An excerpt from it would run thus: "27.This takes us to the last argument about the quantum of sentence. The Courts below have awarded 10 years of imprisonment and a fine of Rs.5000. In our opinion, considering the fact that the incident took place about 6 years back and the fact that the accused is behind the bars for last about 5 years, as also poverty on the part of the accused, we feel that the sentence already suffered would be sufficient. The sentence of fine is however, confirmed. Fine, if recovered shall be paid to the prosecutrix. She shall be intimated by sending notice to her. We, accordingly, modify the sentence.

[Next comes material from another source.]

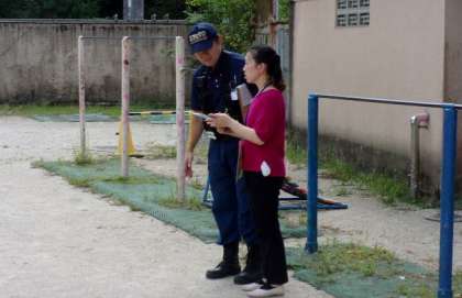 全員の避難完了後、教頭先生から消防隊員に人数の報告も行いました。
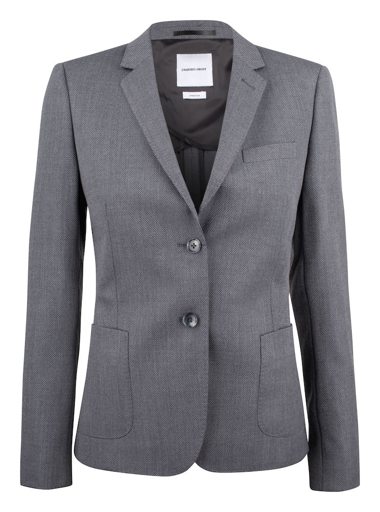 Modernissa Club-bleiserissämme on erittäin pehmeä hartiaosa, räätälöity vyötärö ja puoliksi vuorattu sisäosa. Takissa lovikäänteet, paikkataskut ja sisätasku rinnassa sekä kaksi halkiota takahelmassa. Kankaan rakenne on hieman viimeistelemättömän näköinen ja sopii epävirallisempiin tilanteisiin, mutta on silti tyylikäs. Pue lempifarkkujesi kanssa tai yhdistä klassisten harmaiden housujemme kanssa, niin saat nykyaikaisemman ja virallisemman tyylin. Naisten malli. Värit: 600 t.sininen, 909 meleerattu harmaa, 209 meleerattu ruskea

The appeal is disposed of with this modification. 27. A bare perusal of the said entire judgment of the Honourable Apex Court, including the excerpt cited supra, would reveal that much of a muchness could be seen between this case and the facts involved in the cited case, on certain aspects. In the cited case five years imprisonment was considered to be sufficient and accordingly, the Honourable Apex Court awarded the same. In this case also, taking into consideration the fact that the accused, due to infatuation and young age committed the offence, I am of the opinion that the sentence of 5 years R.I. could be imposed. Accordingly, the sentence of 7 years R.I. imposed under Section 376 IPC is reduced to five years R.I. and the rest of the portion of the sentence imposed by the trial Court and as confirmed by the appellate Court is confirmed. It is quite axiomatic that the accused is entitled to set off as per Section 428 of Cr.P.C. 28. With the above modification, the criminal revision case is disposed of.